Gold Lapel exposes a standard Prometheus text format endpoint at /metrics on the dashboard port (default http://127.0.0.1:7933/metrics). If Prometheus can reach the endpoint, it can scrape Gold Lapel. The same applies to Datadog Agent, Grafana Alloy, Victoria Metrics, or any tool that speaks Prometheus text format.

GET /metrics (excerpt)
# HELP goldlapel_time_saved_seconds_total Cumulative time saved by optimizations
# TYPE goldlapel_time_saved_seconds_total counter
goldlapel_time_saved_seconds_total 345892.471

# HELP goldlapel_queries_observed_total Total queries observed
# TYPE goldlapel_queries_observed_total counter
goldlapel_queries_observed_total 2847193

# HELP goldlapel_queries_rewritten_total Total queries rewritten
# TYPE goldlapel_queries_rewritten_total counter
goldlapel_queries_rewritten_total 1923847

# HELP goldlapel_cache_hits_total Total result cache hits
# TYPE goldlapel_cache_hits_total counter
goldlapel_cache_hits_total 4129381

# HELP goldlapel_active_connections Active client connections
# TYPE goldlapel_active_connections gauge
goldlapel_active_connections 42

# HELP goldlapel_info Gold Lapel version info
# TYPE goldlapel_info gauge
goldlapel_info{version="0.14.0"} 1

The endpoint returns text/plain; version=0.0.4; charset=utf-8 — the standard Prometheus exposition format. Every metric includes # HELP and # TYPE annotations, so your monitoring tool can auto-discover descriptions and types without additional configuration.
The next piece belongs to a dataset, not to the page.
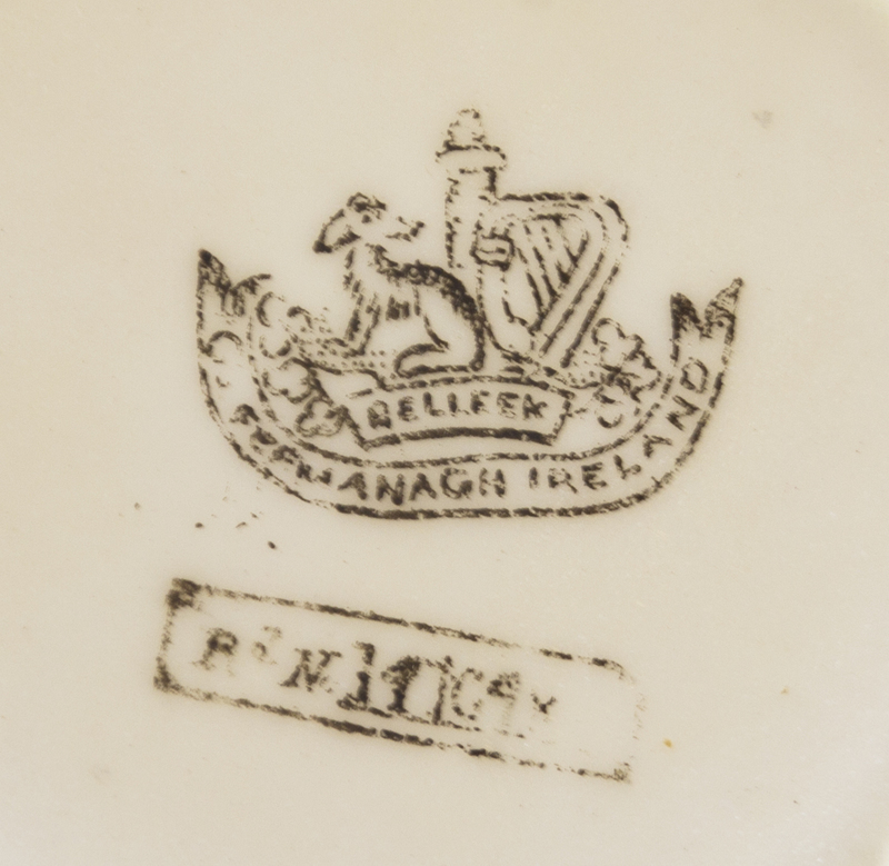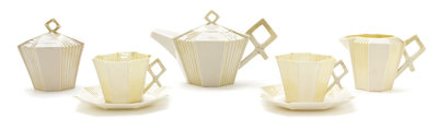 1891-1926, comprising a teapot, a creamer, a covered sugar and two teacups with saucers, each modeled in the Art Deco taste, having second Belleek black mark to base with registry mark.

The metrics endpoint is part of the dashboard server and shares its port. If you have the dashboard running — which it does by default — you already have the metrics endpoint.

Scrape configuration

Add Gold Lapel to your Prometheus scrape configuration:

# prometheus.yml
scrape_configs:
  - job_name: goldlapel
    scrape_interval: 15s
    static_configs:
      - targets: ['localhost:7933']
    metrics_path: /metrics

A 15-second scrape interval works well. Gold Lapel's metrics endpoint is lightweight — it reads from in-memory counters and returns in under a millisecond. You will not notice the overhead.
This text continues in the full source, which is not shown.